Yang Lian was a fellow of Wissenschaftskolleg in Berlin for 2012 / 2013. he is a guest professor of Nanjing University of the Arts, The Arts College of Hebei University and Yangzhou University. Since 2014, he has been invited to be a distinguished professor and a writer in residency at Shantou University, Guangdong Province, China. In 2013, he was invited to become a member of The Norwegian Academy for Literature and Freedom of Expression. Along with fellow Misty Poets, he has reportedly been nominated for the Nobel Prize for Literature. In 2024, he received the Zbigniew Herbert International Literary Award having been described as "one of China’s most eminent living poets and an unwavering freedom of speech campaigner".

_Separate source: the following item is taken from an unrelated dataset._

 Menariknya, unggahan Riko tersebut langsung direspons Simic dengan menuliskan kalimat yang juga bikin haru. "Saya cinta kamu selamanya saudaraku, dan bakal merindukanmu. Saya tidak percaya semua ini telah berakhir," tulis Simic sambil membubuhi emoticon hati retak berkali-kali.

Since 2005, he is professor at European Graduate School in Saas-Fee, Switzerland, and artistic director of the Unique Mother Tongue series of international poetry-arts events held periodically in London.

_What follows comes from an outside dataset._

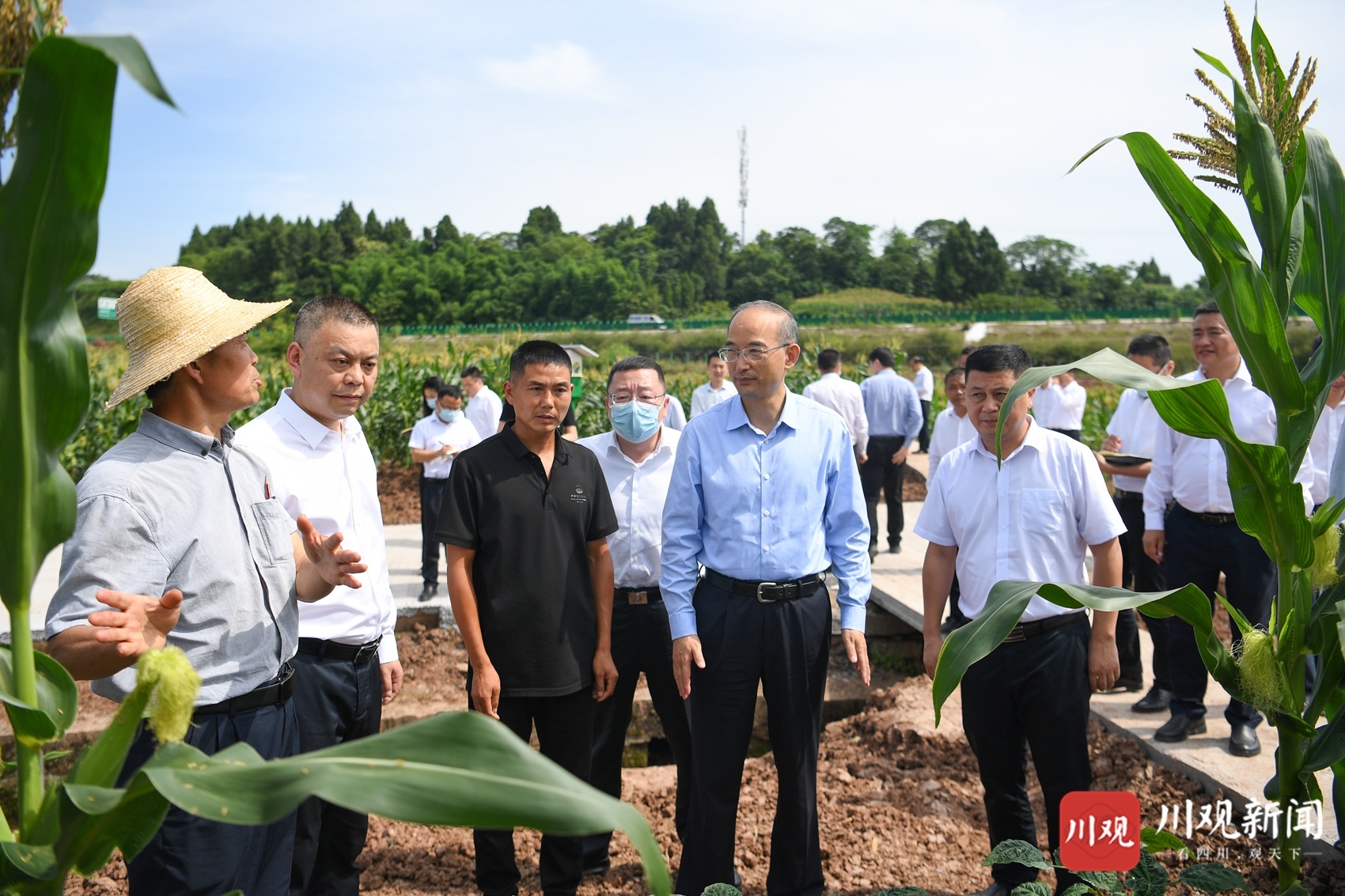 6月14日,省委副书记、省长黄强在安岳县长河源镇长团社区大豆玉米带状复合种植示范点,深入田间仔细察看大豆播种情况,询问种粮大户种植收益情况和面临的困难。

Since 2017, Yang Lian, together with Mang Ke and Tang Xiaodu, republished the online magazine Survivors Poetry , as one of two chief editors.

==Works and collections (in English) ==
- Dead in Exile. a collection of Poems. Translated by Mabel Lee. Tiananmen Editions (1990)

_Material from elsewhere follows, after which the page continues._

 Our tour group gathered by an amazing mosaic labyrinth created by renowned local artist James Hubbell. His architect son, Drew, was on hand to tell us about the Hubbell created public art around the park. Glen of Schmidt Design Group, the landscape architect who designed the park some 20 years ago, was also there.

- Masks & Crocodile, a collection of poems. Translated by Mabel Lee. Wild Peony Ltd (1990)
- Where the Sea Stands Still - New Poems by Yang Lian. Translated by Brian Holton, Newcastle: Bloodaxe Books (1999)
- Non-Person Singular: Collected Shorter Poems of Yang Lian. Translated by Brian Holton, London: WellSweep Press (1994)
- YI, a book-length poem. Translated by Mabel Lee. published Green Integer (2002)
- Concentric Circles. Translated by Brian Holton and Agnes Hung-Chong Chan, Tarset: Bloodaxe Books (2005)
- Notes of a Blissful Ghost. Translated by Brian Holton, Hong Kong:Renditions Paperbacks (2002)
- Unreal City (2006)
- Riding Pisces: Poems from Five Collections. Translated by Brian Holton, Exeter: Shearsman (2008)
- Lea Valley Poems. a collection of poems. Translated by Brian Holton and others. Bloodaxe Book, UK (2009)
- Jade Ladder, an anthology of Contemporary Chinese Poetry in English translation (edited by Yang Lian, W N Herbert, Brian Holton and Qin Xiaoyu). Bloodaxe Books (2012)
- Narrative Poem. a book-length poem. Translated by Brian Holton, Published by Bloodaxe Book, UK. (2016)
- Venice Elegy, a sequence of poems. Translated by Brian Holton. published by Damocle Edizioni, Italy. (2018)
- Anniversary Snow, a collection of poems. translated by Brian Holton and others. published by Shearsman Books, UK (2019)
- 威尼斯哀歌, Venice Elegy, Elegia Veneziana. Translated by Brian Holton and Federico Picerni, Venice:Damocle Edizioni (2019)
- A tower built downwards, translated by Brian Holton. Published by Bloodaxe (2023)
- Various authors (2023). "Canto planetario: hermandad en la Tierra"

The books of translated Yang Lian's poems in other languages include German, French, Italian, Japanese, Danish, Swedish, Slovenian, Arabic, Portuguese, Hungarian, among others.

==Artist's books==
- Venice Elegy: Poems by Yang Lian (Translated by Brian Holton) and Ai Weiwei’s visual images, Venice: Damocle Edizioni (2018)
This edition of Yang Lian's poems and Ai Weiwei's visual images was realized by the publishing house Damocle Edizioni – Venice in 200 numbered copies on Fabriano Paper. The book was printed in Venice, in May 2018. Every book is hand-signed by Yang Lian and Ai Weiwei.